Financial Highlights
- revenue
- 13,851,000
- total Assets
- 72,203,000
- total Debt
- 12,600,000
- net Income
- 2,805,000
- cash Position
- 4,000,000
Key Numbers
- 13,851,000 — Revenue (Fiscal year ending December 31, 2023)
- 17,970,000 — Revenue (Fiscal year ending December 31, 2022)
- 6,589,000 — Net Income (Fiscal year ending December 31, 2023)
- 2,805,000 — Net Income (Fiscal year ending December 31, 2023)
- 72,203,000 — Total Assets (As of December 31, 2023)
- 12,600,000 — Total Debt (As of December 31, 2023)
- 4,000,000 — Cash and Cash Equivalents (As of December 31, 2023)
- 4,600,000 — Other Assets (As of December 31, 2023)
Key Players & Entities
- Compass Diversified Holdings (company) — Filer name
- 2023-12-31 (date) — Conformed period of report
- 2024-02-28 (date) — Filed as of date
- Westport, CT (location) — Business address
- 203-221-1703 (phone) — Business phone
- Compass Group Diversified Holdings LLC (company) — Former company name
- 2510 (sic_code) — Standard Industrial Classification for Household Furniture
- 2300 (sic_code) — Standard Industrial Classification for Apparel & Other Finished Prods
FAQ
When did Compass Diversified Holdings file this 10-K?
Compass Diversified Holdings filed this Annual Report (10-K) with the SEC on February 28, 2024.
What is a 10-K filing?
A 10-K is a comprehensive annual financial report required by the SEC, covering audited financials, business operations, risk factors, and management discussion.
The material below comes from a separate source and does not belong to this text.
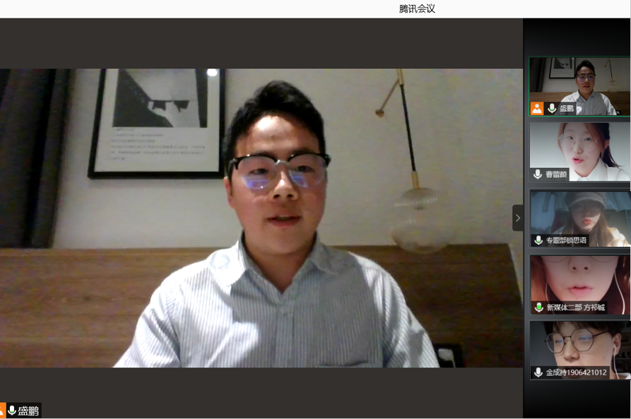 本网讯 12月30日和1月3日,校团委学生组织合师青年传媒中心(以下简称“合师青年”)分别通过“线上+线下”的形式,于腾讯会议和锦绣校区行知楼416会议室召开2020—2021学年第一学期述职大会暨总结表彰会议。第十六届合师青年传媒中心全体学生干部参加会议,“合师青年”指导教师、校团委宣传思想部负责人王露出席会议。“合师青年”办公室副主任周港花主持会议。

This particular 10-K was filed by Compass Diversified Holdings (CODI-PC).
Where can I read the original 10-K filing from Compass Diversified Holdings?
You can access the original filing directly on the SEC's EDGAR system. The filing is publicly available and includes all exhibits and attachments submitted by Compass Diversified Holdings.
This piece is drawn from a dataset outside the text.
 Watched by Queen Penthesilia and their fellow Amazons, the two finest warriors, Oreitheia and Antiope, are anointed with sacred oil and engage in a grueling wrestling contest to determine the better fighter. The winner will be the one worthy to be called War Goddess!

What are the key takeaways from Compass Diversified Holdings's 10-K?
Compass Diversified Holdings filed this 10-K on February 28, 2024. Key takeaways: Compass Diversified Holdings reported total assets of $72,203,000 for the fiscal year ending December 31, 2023.. The company's revenue for the fiscal year ending December 31, 2023, was $13,851,000.. Net income for the fiscal year ending December 31, 2023, was $2,805,000..
Is Compass Diversified Holdings a risky investment based on this filing?
Based on this 10-K, Compass Diversified Holdings presents a moderate-risk profile. The company operates in the household furniture and apparel sectors, which can be subject to economic downturns and changing consumer preferences, as indicated by the SIC codes provided.
What should investors do after reading Compass Diversified Holdings's 10-K?
Review the detailed financial statements and risk factors in the 10-K to understand Compass Diversified Holdings' performance and outlook for the upcoming fiscal year. The overall sentiment from this filing is neutral.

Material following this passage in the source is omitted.